_DESCRIPTION OF THE TASK_
Once the line containing "- Specifications: Dual-purpose" is found, please copy it and all lines after it through the end of the records, exactly, leaving out pictures.

Stored items from a collection

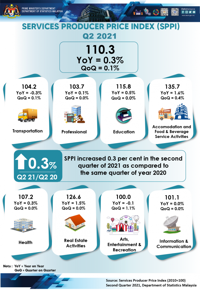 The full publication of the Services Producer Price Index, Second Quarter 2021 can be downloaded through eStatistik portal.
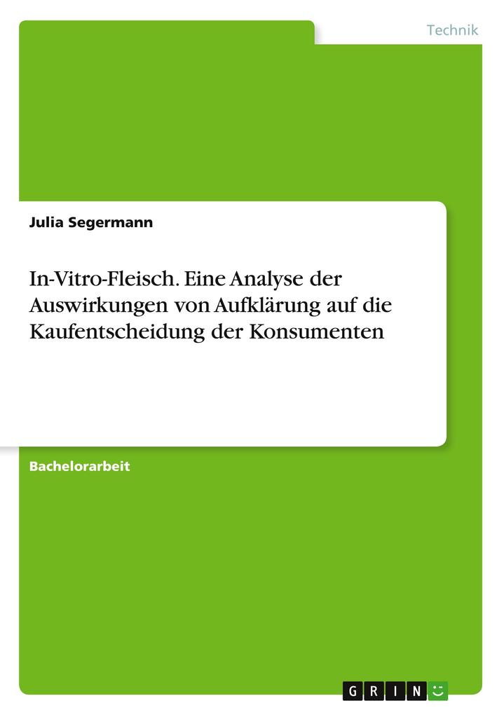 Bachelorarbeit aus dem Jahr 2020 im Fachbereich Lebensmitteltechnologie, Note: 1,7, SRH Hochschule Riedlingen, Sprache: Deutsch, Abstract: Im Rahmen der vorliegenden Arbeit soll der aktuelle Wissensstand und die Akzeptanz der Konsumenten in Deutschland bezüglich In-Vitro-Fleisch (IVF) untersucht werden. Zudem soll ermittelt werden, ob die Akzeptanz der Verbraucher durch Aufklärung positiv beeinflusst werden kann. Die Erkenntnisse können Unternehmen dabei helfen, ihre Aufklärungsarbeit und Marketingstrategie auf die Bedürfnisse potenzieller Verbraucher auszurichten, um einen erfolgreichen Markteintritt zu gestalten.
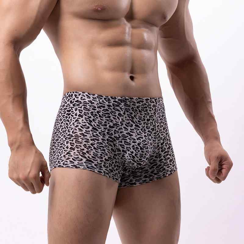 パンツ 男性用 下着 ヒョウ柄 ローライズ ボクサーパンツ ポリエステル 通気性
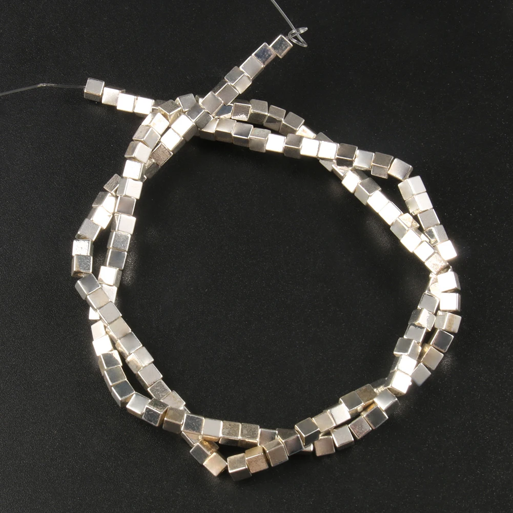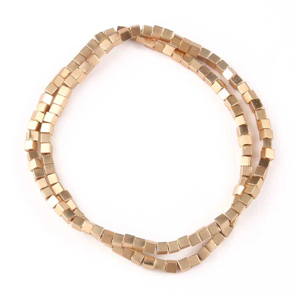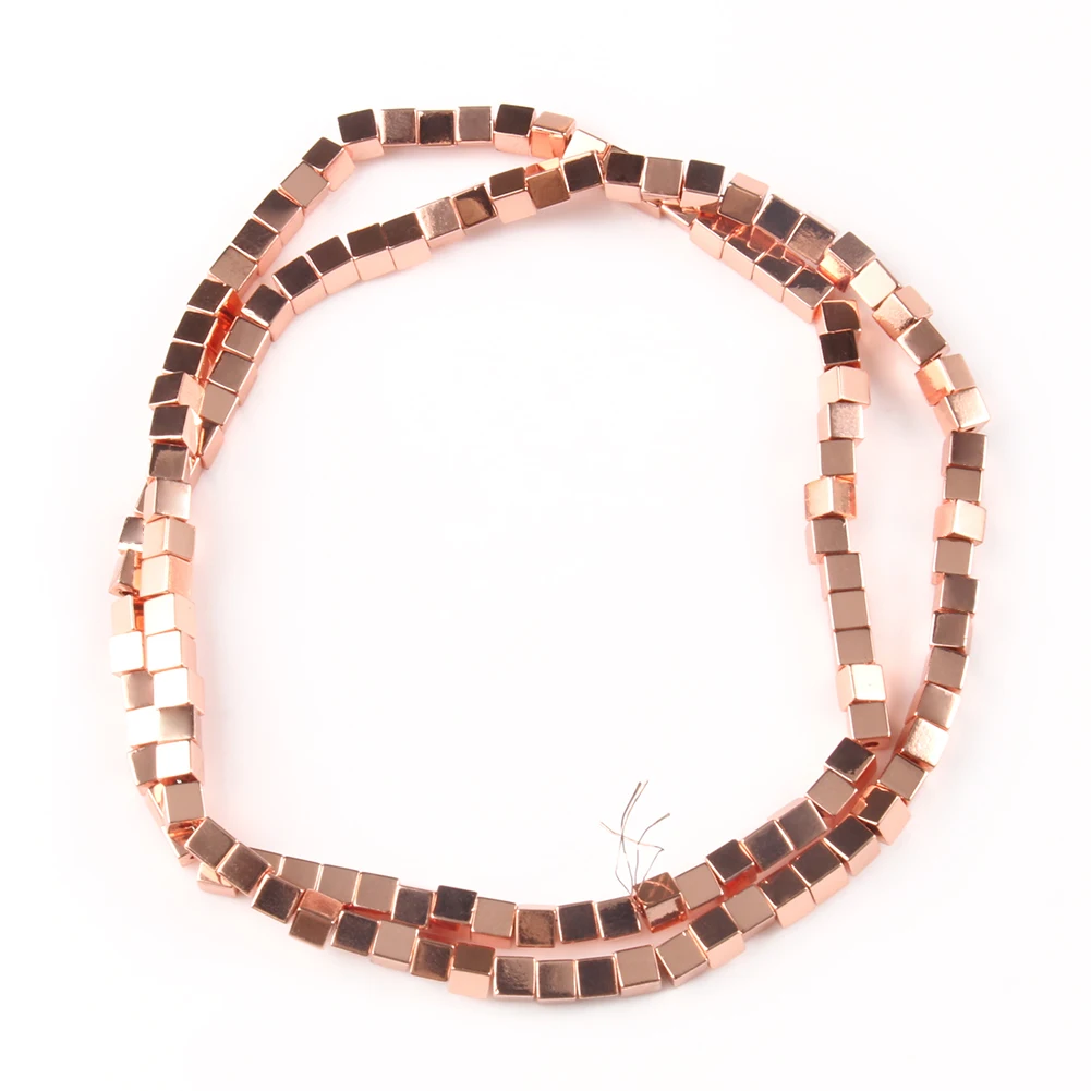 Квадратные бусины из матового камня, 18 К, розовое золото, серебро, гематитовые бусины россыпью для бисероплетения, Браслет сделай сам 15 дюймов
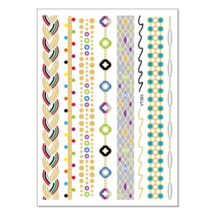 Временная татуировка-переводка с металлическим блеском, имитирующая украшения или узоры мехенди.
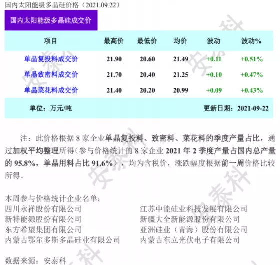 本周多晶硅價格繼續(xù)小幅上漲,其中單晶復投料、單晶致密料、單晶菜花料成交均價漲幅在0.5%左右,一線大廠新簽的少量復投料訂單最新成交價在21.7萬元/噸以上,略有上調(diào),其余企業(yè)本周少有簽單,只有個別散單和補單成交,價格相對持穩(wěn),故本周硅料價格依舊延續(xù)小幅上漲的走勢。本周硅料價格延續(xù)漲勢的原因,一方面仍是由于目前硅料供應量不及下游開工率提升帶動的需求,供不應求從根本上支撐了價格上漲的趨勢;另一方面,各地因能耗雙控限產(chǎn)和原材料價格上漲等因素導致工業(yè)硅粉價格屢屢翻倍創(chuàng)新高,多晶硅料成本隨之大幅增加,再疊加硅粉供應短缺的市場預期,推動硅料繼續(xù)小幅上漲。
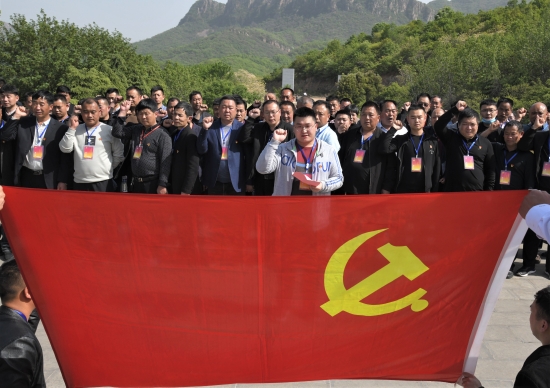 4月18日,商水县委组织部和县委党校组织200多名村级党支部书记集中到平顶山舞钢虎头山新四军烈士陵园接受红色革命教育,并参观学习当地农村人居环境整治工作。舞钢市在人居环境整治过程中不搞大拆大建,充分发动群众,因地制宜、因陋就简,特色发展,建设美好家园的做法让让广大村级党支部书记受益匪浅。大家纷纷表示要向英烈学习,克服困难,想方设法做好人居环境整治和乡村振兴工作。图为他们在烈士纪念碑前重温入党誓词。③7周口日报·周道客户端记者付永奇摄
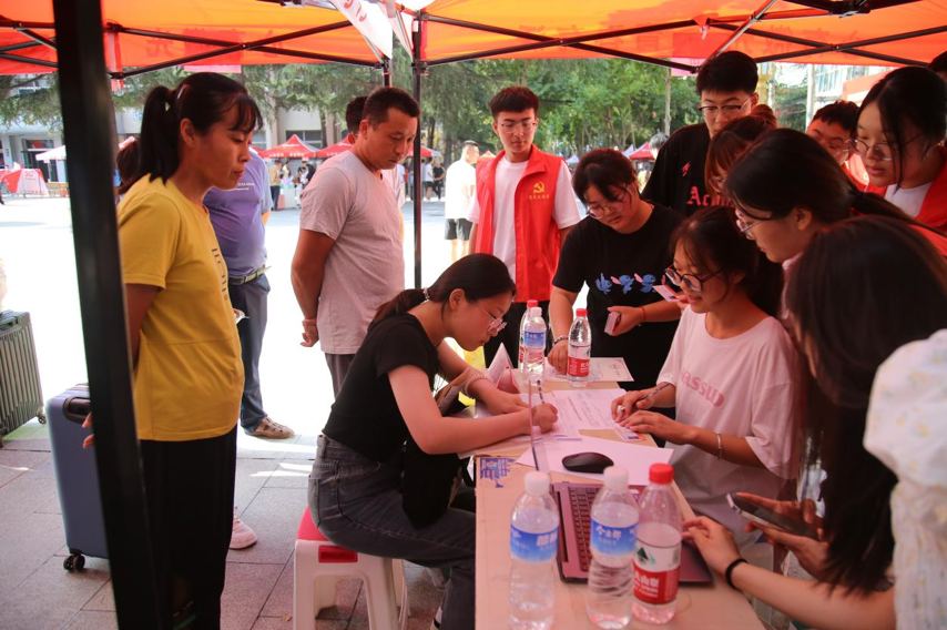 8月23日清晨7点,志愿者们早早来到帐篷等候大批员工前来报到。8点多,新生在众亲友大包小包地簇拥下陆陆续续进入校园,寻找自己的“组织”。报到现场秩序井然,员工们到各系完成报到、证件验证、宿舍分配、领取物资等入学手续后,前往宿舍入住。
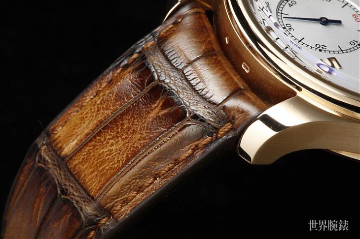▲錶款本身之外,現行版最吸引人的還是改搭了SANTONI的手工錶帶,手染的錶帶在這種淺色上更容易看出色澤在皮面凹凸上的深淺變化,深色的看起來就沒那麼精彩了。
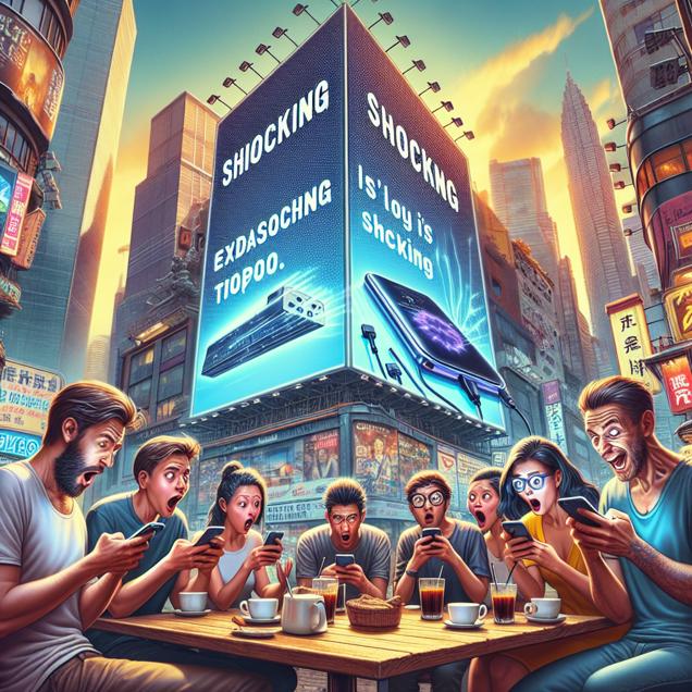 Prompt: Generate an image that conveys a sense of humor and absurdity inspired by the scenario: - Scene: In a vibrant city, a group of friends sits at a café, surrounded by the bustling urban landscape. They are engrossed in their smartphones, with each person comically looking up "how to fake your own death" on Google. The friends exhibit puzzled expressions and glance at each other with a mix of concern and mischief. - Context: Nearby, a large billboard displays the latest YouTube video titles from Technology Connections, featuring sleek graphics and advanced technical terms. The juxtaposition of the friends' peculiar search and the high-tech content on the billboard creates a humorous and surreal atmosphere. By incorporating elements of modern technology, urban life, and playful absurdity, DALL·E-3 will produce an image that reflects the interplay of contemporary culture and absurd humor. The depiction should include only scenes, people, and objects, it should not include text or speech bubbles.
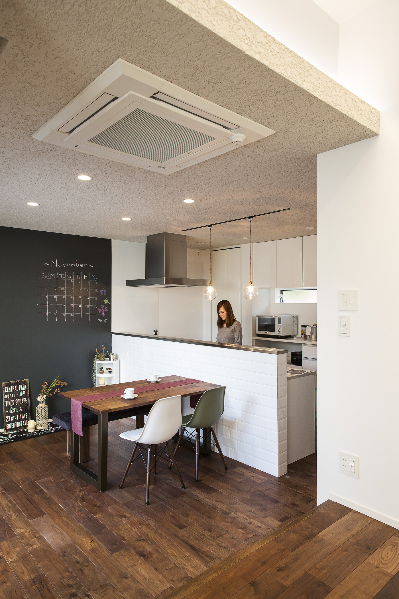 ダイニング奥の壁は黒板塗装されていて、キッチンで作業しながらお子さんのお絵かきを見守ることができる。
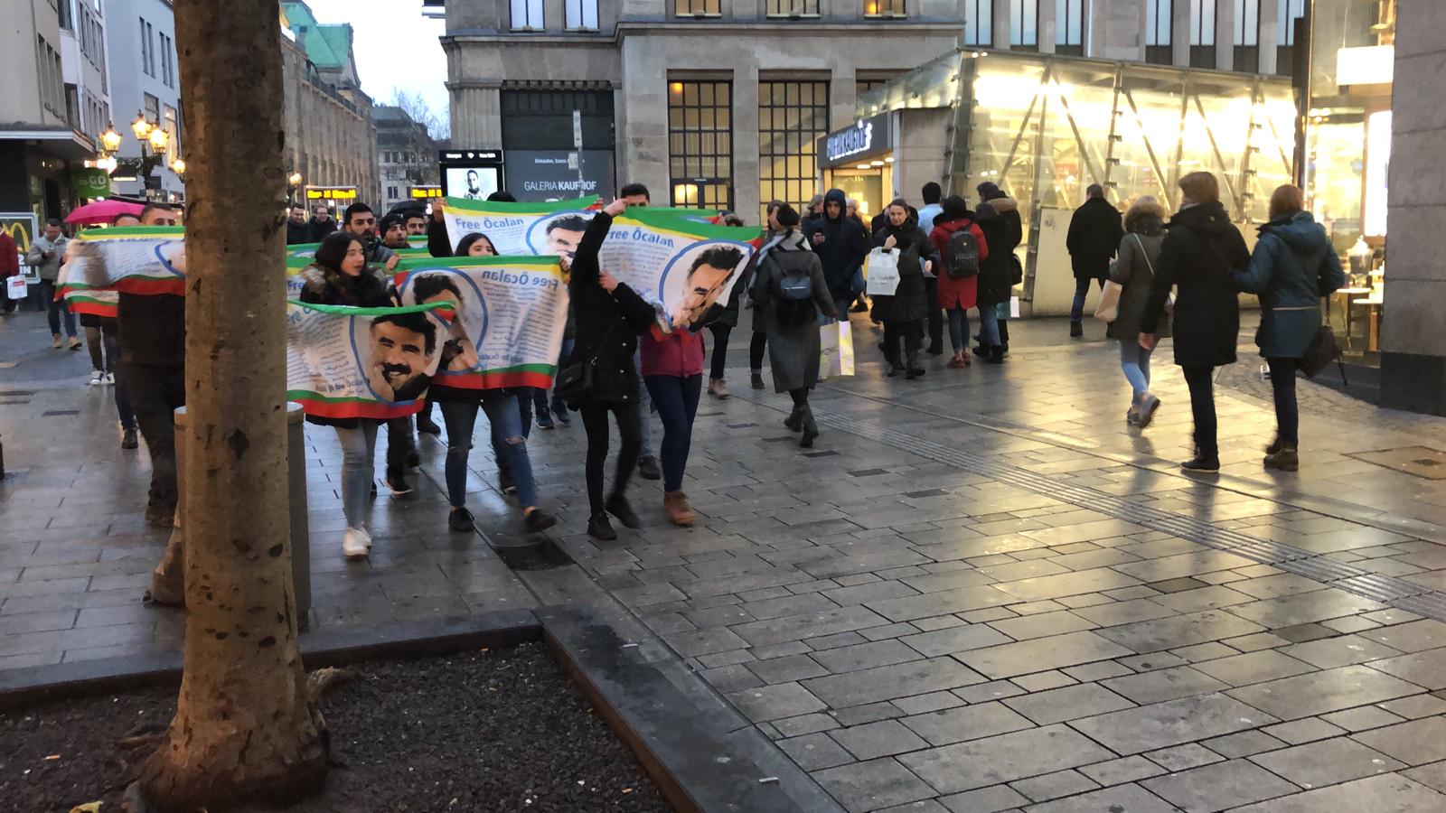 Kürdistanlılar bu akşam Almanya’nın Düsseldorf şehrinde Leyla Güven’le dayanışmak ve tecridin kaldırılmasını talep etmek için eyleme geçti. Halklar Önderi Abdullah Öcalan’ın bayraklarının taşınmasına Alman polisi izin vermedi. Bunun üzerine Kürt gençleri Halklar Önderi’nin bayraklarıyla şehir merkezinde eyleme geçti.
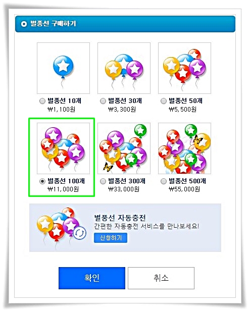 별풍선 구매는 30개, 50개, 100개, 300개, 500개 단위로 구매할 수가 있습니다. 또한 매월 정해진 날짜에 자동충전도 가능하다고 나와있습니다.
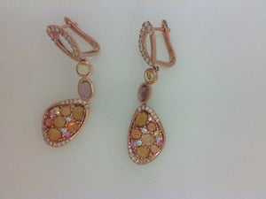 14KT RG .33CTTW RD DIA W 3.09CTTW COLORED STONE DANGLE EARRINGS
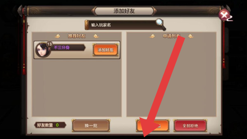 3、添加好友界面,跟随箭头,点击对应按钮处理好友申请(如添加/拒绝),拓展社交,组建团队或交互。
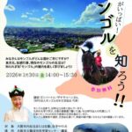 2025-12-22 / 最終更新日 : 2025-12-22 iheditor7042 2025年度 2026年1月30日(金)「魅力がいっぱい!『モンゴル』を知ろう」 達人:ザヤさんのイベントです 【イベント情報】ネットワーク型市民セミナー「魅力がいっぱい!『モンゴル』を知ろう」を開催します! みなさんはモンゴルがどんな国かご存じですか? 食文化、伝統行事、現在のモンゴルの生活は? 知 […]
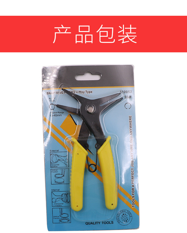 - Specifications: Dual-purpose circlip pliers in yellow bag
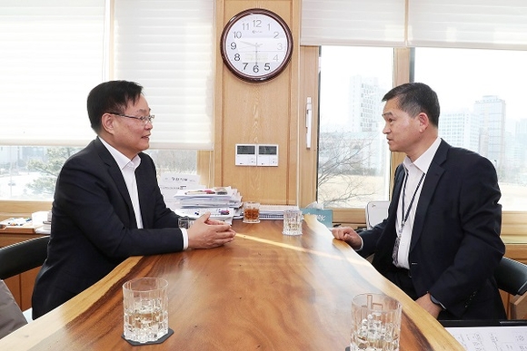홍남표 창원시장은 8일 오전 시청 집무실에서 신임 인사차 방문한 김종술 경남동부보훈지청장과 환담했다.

_EXERCISE ANSWER_
 - Specifications: Dual-purpose circlip pliers in yellow bag
홍남표 창원시장은 8일 오전 시청 집무실에서 신임 인사차 방문한 김종술 경남동부보훈지청장과 환담했다.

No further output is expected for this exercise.